**What is expected**
Please return only the lines from the one showing "المرتضى يلقي كلمته" to the end of the entries, keeping both ends and dropping every picture.

Stored records:
::::::::::

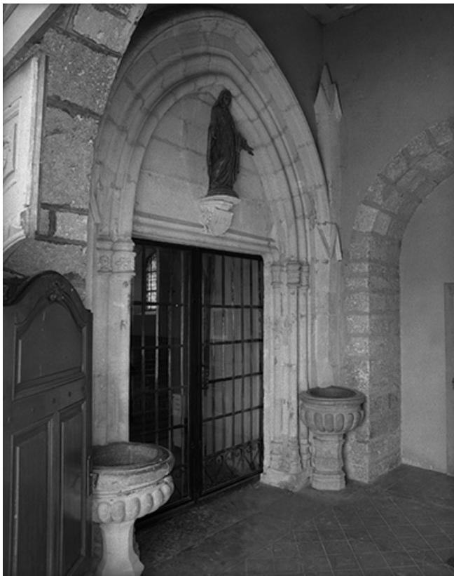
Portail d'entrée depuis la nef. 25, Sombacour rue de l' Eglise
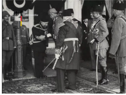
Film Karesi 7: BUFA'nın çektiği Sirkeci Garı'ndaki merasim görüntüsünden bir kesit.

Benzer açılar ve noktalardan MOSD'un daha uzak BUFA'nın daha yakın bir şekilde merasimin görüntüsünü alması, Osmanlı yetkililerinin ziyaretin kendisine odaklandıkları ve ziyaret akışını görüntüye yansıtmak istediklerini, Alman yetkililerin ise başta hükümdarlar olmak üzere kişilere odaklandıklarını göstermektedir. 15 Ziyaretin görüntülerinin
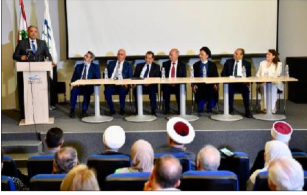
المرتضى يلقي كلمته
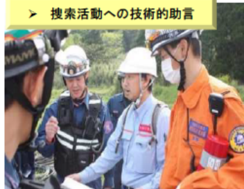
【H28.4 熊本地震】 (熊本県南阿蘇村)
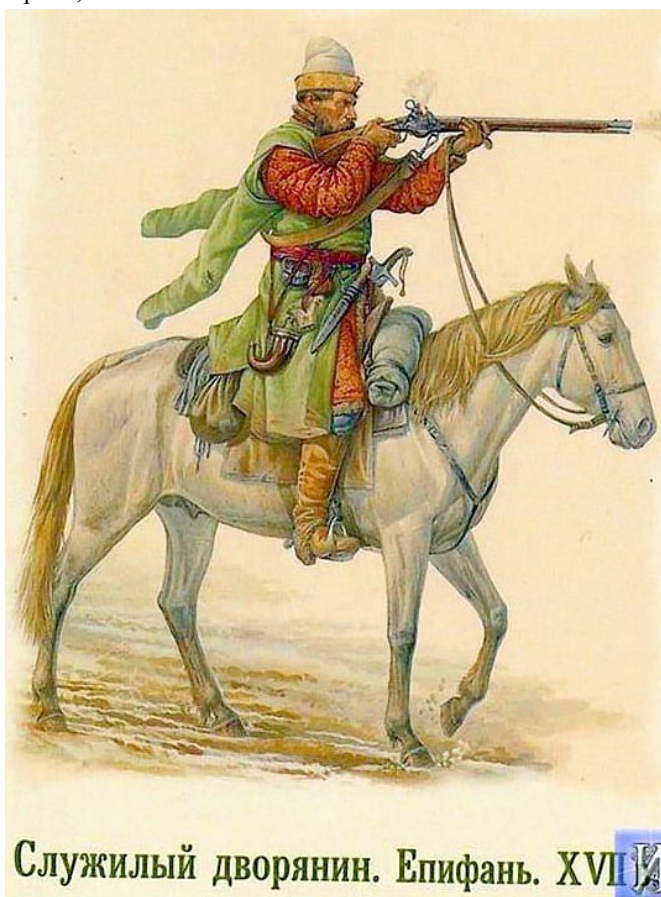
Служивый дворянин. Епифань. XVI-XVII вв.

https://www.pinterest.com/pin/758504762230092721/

::::::::::

**Task answer**
المرتضى يلقي كلمته
【H28.4 熊本地震】 (熊本県南阿蘇村)
Служивый дворянин. Епифань. XVI-XVII вв.

https://www.pinterest.com/pin/758504762230092721/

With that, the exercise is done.